Transcribe, exactly and without pictures, the lines below from the line with "for the device." to the line with "Friedman gave as", both ends included, and no others.

■ **RECORDS FOR THE TASK**:
* * *

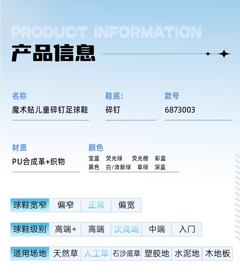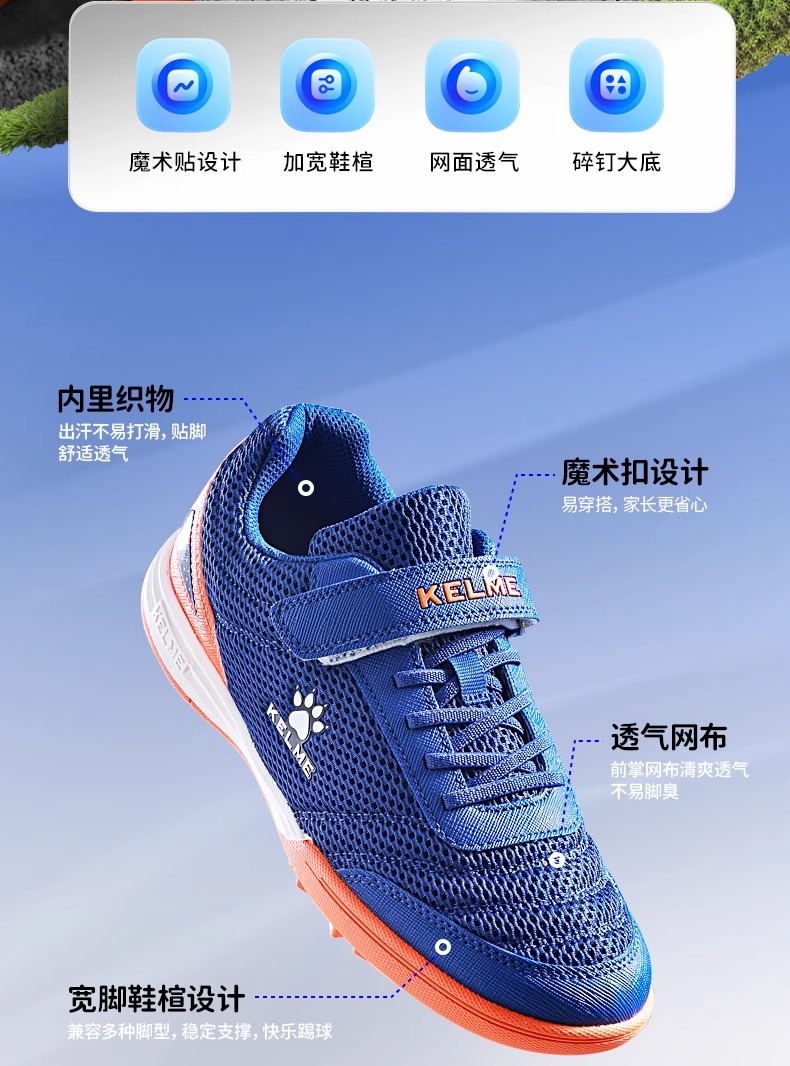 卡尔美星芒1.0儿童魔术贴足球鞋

* * *

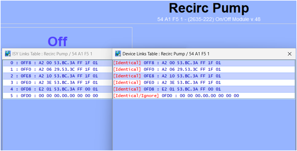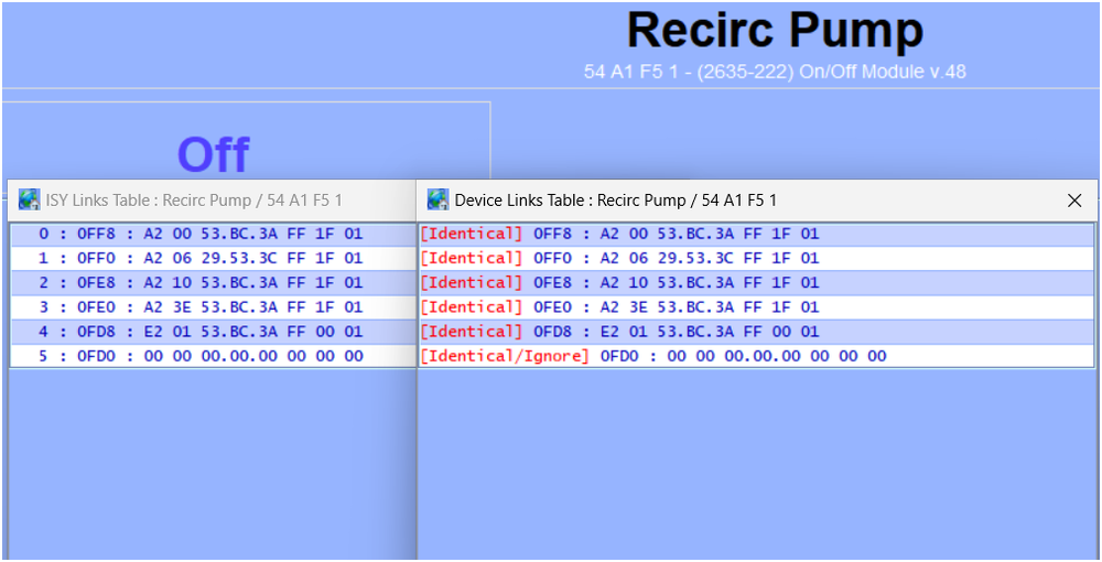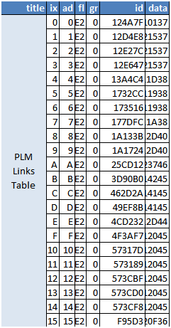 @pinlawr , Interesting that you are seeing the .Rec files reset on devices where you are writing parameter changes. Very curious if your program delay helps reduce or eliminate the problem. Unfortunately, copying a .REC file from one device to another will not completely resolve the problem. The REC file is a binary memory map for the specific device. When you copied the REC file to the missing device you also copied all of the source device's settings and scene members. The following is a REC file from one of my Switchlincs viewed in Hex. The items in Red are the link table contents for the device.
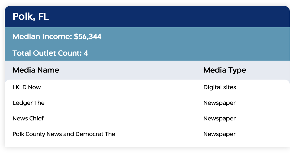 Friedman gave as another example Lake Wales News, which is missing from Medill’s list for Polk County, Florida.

* * *

■ **SOLUTION BELOW**:
 @pinlawr , Interesting that you are seeing the .Rec files reset on devices where you are writing parameter changes. Very curious if your program delay helps reduce or eliminate the problem. Unfortunately, copying a .REC file from one device to another will not completely resolve the problem. The REC file is a binary memory map for the specific device. When you copied the REC file to the missing device you also copied all of the source device's settings and scene members. The following is a REC file from one of my Switchlincs viewed in Hex. The items in Red are the link table contents for the device.
 Friedman gave as another example Lake Wales News, which is missing from Medill’s list for Polk County, Florida.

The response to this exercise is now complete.